Для лучшего эффекта я представил себе море. Оно вообразилось мне прозрачным, залитым солнцем, похожим на витрину ювелирного магазина, где сквозь толщу воды, на дне, каждый драгоценный камушек видно. Вот мы с Настей подходим к кромке волны, а я говорю: «Хочешь кольцо с бриллиантом? Ныряй!»
В этот момент новый порыв ледяного ветра вонзил мне в лицо сотни иголок. Я ускорил шаг.
Желание сэкономить на врачебном осмотре, вело меня к зданию районной поликлиники. Обычно, сюда с раннего утра подтягивается народ. Но, то ли, понедельник – день тяжелый. То ли, последние дни уходящего года, были тому причиной, в вестибюле я объявился, как «кум королю», один-одинёшенек.
***
- Здрасьте, - обратился я к женщине благородного пенсионного возраста, хозяйке регистрационной кабинки, которая смотрелась, как сова в дупле, нахохленная и развернутая к окошку боком.
Сова не ответила.
Сидела, являя свой профиль, невозмутимо молчала.
«Может, спит? – мелькнула мысль, - совы, кажется, спят по утрам».
«Извините, - прокашлявшись, усилил я звук и, пытаясь рассмотреть, открыты ли у женщины глаза, - скажите, пожалуйста, в каком кабинете офтальмолог принимает?».
Сова встрепенулась.
«В тридцатый идите!». – ухнула она.
«Видимо, все-таки дрыхла», – решил я и пошёл, куда сова послала.
***
Регистрационной сове, а вернее, Декабрине Тимофеевне Теплоуховой, которую матушка, после скорых, крепких потуг, выпихнула в белый свет, незадолго до боя курантов, семь десятков лет назад, оставалось работать чуть – чуть.

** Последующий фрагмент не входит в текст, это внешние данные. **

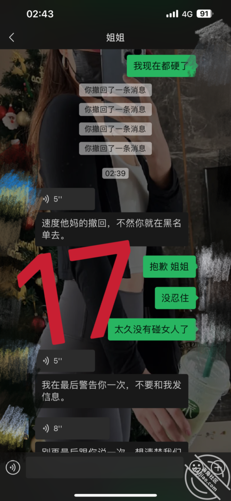 截图麻烦,我把聊天记录录屏了,大家看看,离Cao姐姐的搔B,是不是更近一步了,怕大家看的无聊,我配了最近最喜欢的歌,啊啊啊我的姐~我体贴吧家人们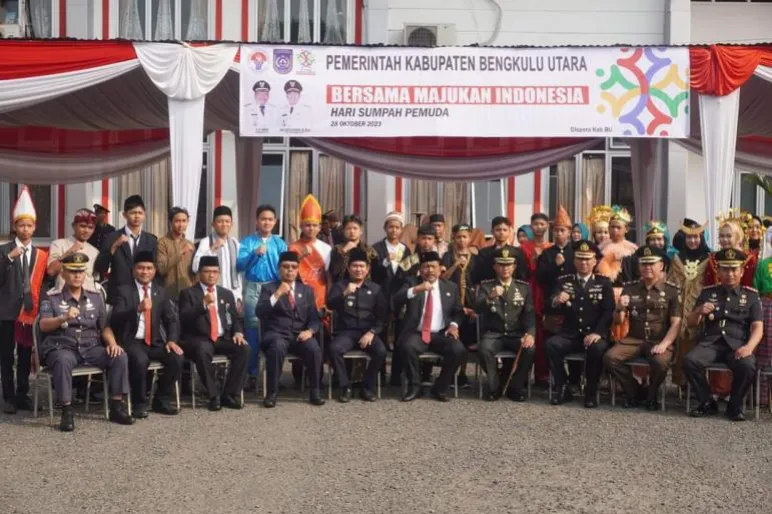 TEROPONGPUBLIK.CO.ID >>><< Pemerintah Kabupaten Bengkulu Utara (BU) bersama Bupati BU, Ir. H. Mian, dan Wakil Bupati BU, Arie Septia Adinata, S.E, M.Ap, serta jajaran Forkopimda dan berbagai organisasi di lingkungan pemerintahan kabupaten tersebut, merayakan Hari Sumpah Pemuda yang ke-95 dengan upacara yang digelar di halaman Kantor Bupati BU pada Selasa (31/10/2023).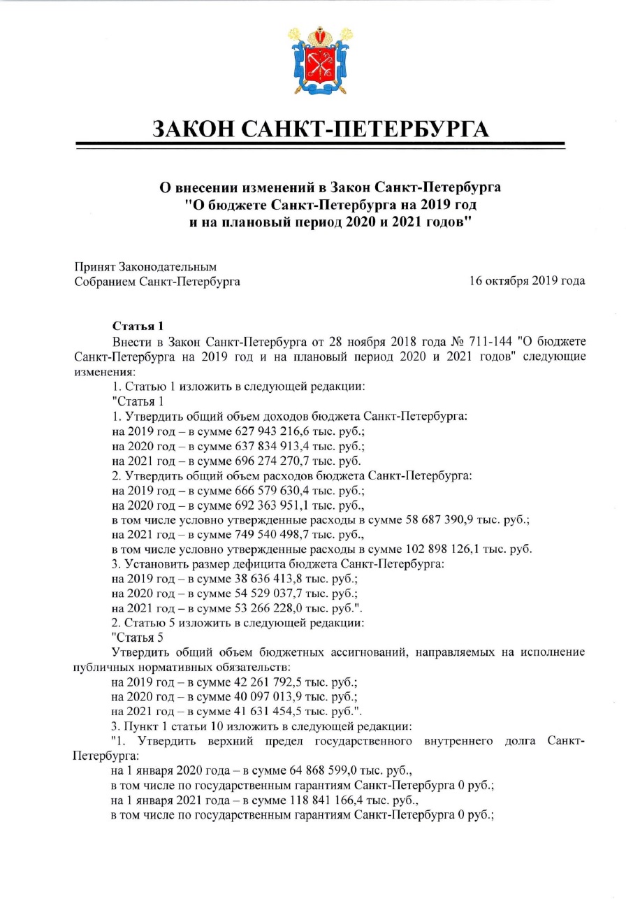 Правительство Петербурга одобрило изменения в бюджете 2019 года. Дефицит составит 40,8 млрд рублей.

До Нового года.
Потом Декабрина Тимофеевна мечтала полететь на Занзибар.
Её покойная мама Рая, когда – то, красивая, как артистка, была тому причиной.
Та жила свою яркую жизнь, ни в чём себе ни отказывая. Декабрина всегда тосковала, брошенная то на полупьяную соседку, то на няньку, злую от того, что ей мало платили.
При упоминании своего имени (доставшееся ей по месяцу рождения) девочка представляла зимний лес, ёлки по пояс в сугробах, и такой трескучий мороз, от лиходейства которого птицы на землю замертво падали.
Другое дело – Раиса. Имя мамы пахло райскими цветами. Когда усталая от житейских сует, та возвращалась домой, то Декабрине казалось, что над её гиблым лесом внезапно вспыхивало солнце, таял снег, текли ручьи, на проталинах пробивалась трава, к которой стекалось стадо овец, и молодой пастух зачарованно играл на дудочке.
- Иди, книжку почитай, - как –то раз отмахнулась от шестилетней дочки Раиса, во время позднего ужина. Рая была голодной, как волк, а девчонка, сидя под столом, вцепилась в её ноги и воткнулась носом в коленку. Это жутко раздражало.
- Как? – встрепенулась Декабрина, резко вздёрнув голову, и хряснувшись макушкой о столешницу. - Я ж не умею.
- Не умеешь? – искренне удивилась мать, забыв о переживании, что дочь размажет сопли-слюни о её новые чулки. – Ладно, в школу пойдёшь, быстро научишься.
И Декабрина научилась. Её путешествия по фантазийным мирам стали столь же долгими, как реальные загулы, всё ещё молодой и головокружительно прекрасной, мамы Раи.
Первоклашка полюбила «Айболита». Она так вдохновилась историей про волшебного доктора, что, закончив десятый, поступила в медицинский институт, чтобы стать неонатологом, первым доктором у новорожденных детей. Так и вышло, а после выхода на заслуженный отдых, она подрабатывала администратором в районной поликлинике, потому что дома было скучно.
Женщину, сидящую в регистратурной кабинке, то и дело догоняли воспоминания из детства.
Слова «Мы живём на Занзибаре» действовали на Декабрину Тимофеевну магически, принуждая блуждать её сознание по далёкому острову, среди рабов и их работорговцев; звонко хохочущей, подмигивающей правым глазом акулой Каракулой; и лобстером на ужин.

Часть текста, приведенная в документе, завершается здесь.